En este punto, el creyente debe volver a la fuente de la Palabra de Dios. Y la respuesta está en la primera lectura y en el salmo de la Santa Misa de hoy: ambos hablan de gustar o experimentar. En otras palabras, se trata de vivir ese encuentro con el Señor en la Eucaristía.

¡Es el mejor momento para el cristiano! No hay otro igual. Es tan especial que San Pablo manda a que cada uno se ponga en la presencia de Dios y se examine. La razón es muy sencilla: ¡va a recibir al Señor! (1Co 11, 28-29). Por eso, para que el momento de la comunión sea efectivamente alimento para el alma del cristiano, el creyente debe recorrer un camino:

Lo primero y lo más importante: saber que se recibe al Señor con su Cuerpo, Sangre, Alma y Divinidad, vivo y glorioso como está en el cielo. Ante tanta grandeza, todo cristiano ha de sentirse, al menos, emocionado.

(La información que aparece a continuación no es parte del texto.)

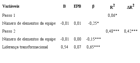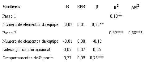 A Hipótese 1, que prevê uma relação positiva entre a liderança transformacional e os comportamentos de suporte, foi suportada (α = 0,65, p < 0,001) (Tabela 2). Os resultados das regressões múltiplas que permitiram testar as hipóteses restantes (H2 e H3) são apresentados nas Tabelas 3 e 4. Como é possível observar na Tabela 3, na regressão múltipla com a liderança transformacional e os comportamentos de suporte como variáveis preditoras e o desempenho como variável critério, há um efeito positivo significativo dos comportamentos de suporte no desempenho da equipe (β = 0,43, p = 0,001), corroborando, assim, H2a. A hipótese H3a, que considera os comportamentos de suporte como variável mediadora na relação entre a liderança transformacional e o desempenho da equipe, também foi corroborada, uma vez que (a) a liderança transformacional apresenta uma relação positiva significativa com os comportamentos de suporte (α = 0,65, p < 0,001), (b) os comportamentos de suporte apresentam uma relação positiva significativa com o desempenho da equipe (β = 0,43, p = 0,001), após o controle da liderança transformacional, (c) e o efeito mediado estimado (αβ = 0,28) foi estatisticamente significativo (P = Zα x Zβ = 30,75, p < 0,01). Como é possível verificar, os comportamentos de suporte medeiam totalmente a relação entre a liderança transformacional e o desempenho da equipe, dado que o efeito direto da liderança transformacional no desempenho da equipe não é significativo (τ = 0,05, p = 0,705).

Entonces, ese cristiano se dará cuenta que, para recibir a su Creador, a su Redentor y a su Salvador, debe estar preparado interiormente. No puede acercarse a recibirlo de cualquier manera. Lo primero es revisarse si hay algún pecadito que merezca una preparación mejor con el sacramento de la Confesión.

Después, debe recorrer un itinerario personal: debe ir aumentando el grado de conciencia de saber que recibirá a Jesucristo. La oración es la mejor preparación. Junto a esto, el recogimiento previo (evitando distracciones) ayudará para que cada encuentro con el Señor sea único.

Ayuda también la preparación externa: el ayuno eucarístico y la actitud corporal (gestos, vestido) se manifiesta el respeto, la solemnidad, el gozo de ese momento en que Cristo se hace nuestro huésped.

Entonces, en la experiencia, en la vivencia del encuentro con Cristo nos haremos uno con Él: El que come mi carne y bebe mi sangre habita en mí y yo en él.

Y la comunión con Cristo en la Eucaristía traerá otros frutos muy especiales:

Lo que el alimento material produce en nuestra vida corporal, la comunión lo realiza de manera admirable en nuestra vida espiritual. La comunión con la Carne de Cristo resucitado conserva, acrecienta y renueva la vida de gracia recibida en el Bautismo.

La comunión nos separa del pecado. La Eucaristía no puede unirnos a Cristo sin purificarnos al mismo tiempo de los pecados cometidos y preservarnos de futuros pecados: Por la misma caridad que enciende en nosotros, la Eucaristía nos preserva de futuros pecados mortales. Cuanto más participamos en la vida de Cristo y más progresamos en su amistad, tanto más difícil se nos hará romper con Él por el pecado mortal.

Como el alimento corporal sirve para restaurar la pérdida de fuerzas, la Eucaristía fortalece la caridad que, en la vida cotidiana, tiende a debilitarse; y esta caridad vivificada borra los pecados veniales.